Gelişmiş ülkeler 1980’lere kadar arzı etkileyen ve fiyatlar üzerinde doğrudan etkili olan
desteklemeler yoluyla büyük bir tarımsal üretim hacmine erişmişlerdir. Bu dönemde tarıma girdi
sağlayan ve tarımsal ürünleri işleyen şirketlerde de büyük bir yoğunlaşma oldu. Çoğu ABD’li bir
kısmı da Avrupa Birliğinden az sayıda şirket bu alanları kontrol etmeye başladılar. GATT-1994
Uruguay Turu Tarım Anlaşması ile ülkelerin tarıma sağladıkları destekleri azaltmaları ve
gümrüklerini indirmeleri kabul edildi.
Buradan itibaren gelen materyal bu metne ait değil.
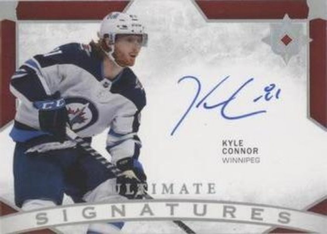 The Kyle Connor 2021 Upper Deck Ultimate Collection #US-KC Ultimate Signatures card is 1 of 28 Kyle Connor's card variations in the 2021 Upper Deck Ultimate Collection set being tracked by Sports Card Investor, including Base /299, Gold /35, Purple /15, Black /5, and 2000 Ultimate Signatures Retro.

Bu yıllara kadar az gelişmiş ve gelişmekte olan ülkeler
karşısında büyük bir güç biriktirmiş olan gelişmiş ülkeler ise anlaşmada söz verdiklerini büyük
ölçüde yerine getirmediler. Buna karşılık gelişmekte olan ülkelerin tarım politikaları yapısal
uyarlama politikaları ile büyük ölçüde etkilenmiştir. Türkiye’de de işler benzer şekilde gelişti.
Özellikle 2001’de imzalanan Tarımsal Reform Projesi ile fiyatı etkileyecek destek politikası yerine
doğrudan gelir veya prim gibi politikalar uygulandı. Seksenli yılların ikinci yarısından itibaren
tarımsal KİT’lerin özelleştirilmesi ile boşalan alana yerli veya yabancı tekeller yerleşti. Bu
politikaların sonuçları ise olumsuz olmuştur. Tarım ürünleri dış ticareti açık vermeye, iç ticaret
hadleri kötüye gitmeye başladı. Bir çok tarla bitkileri ve hayvansal üretim ya durakladı ya da
geriledi. Yalnızca meyve ve sebze üretimlerinde artışlar sürmektedir. Ancak meyve ve sebze
üretiminde de büyük şirketlerin piyasa hakimiyeti fiyatları geriletmekte, anlaşmalı tarım çiftçilerin
kendi toprağında ücretle çalışan proleterlere dönüşmesinin aracı olmaktadır.